* _TRY IT_
Print only the lines from the top of the data through the line with "続いて、選択範囲を解除したあ", both included, skipping every picture.

++++ DATA ++++

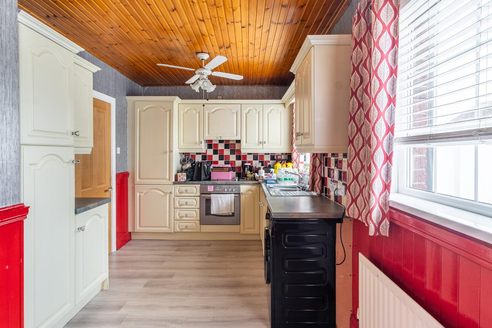 Painted units, tiled splash back, integrated extractor fan, fitted oven and glass hob.
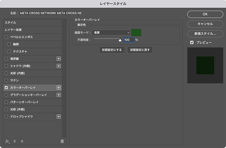 続いて、選択範囲を解除したあと、レイヤーメニュー→“レイヤースタイル”→“カラーオーバーレイ...”を、[描画モード:乗算]、[オーバーレイのカラー]を緑(ここでは16進数カラーコード[#1c541b])、[不透明度:100%]に設定して適用する(図19)(図20)。
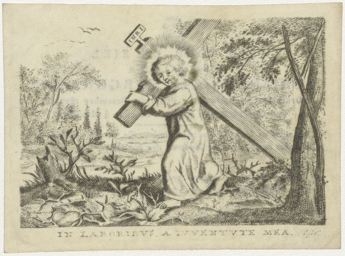 Christuskind met kruis, kz. Bid voor ziel Van den Bu...

++++

* _RESPONSE BELOW_
 Painted units, tiled splash back, integrated extractor fan, fitted oven and glass hob.
 続いて、選択範囲を解除したあと、レイヤーメニュー→“レイヤースタイル”→“カラーオーバーレイ...”を、[描画モード:乗算]、[オーバーレイのカラー]を緑(ここでは16進数カラーコード[#1c541b])、[不透明度:100%]に設定して適用する(図19)(図20)。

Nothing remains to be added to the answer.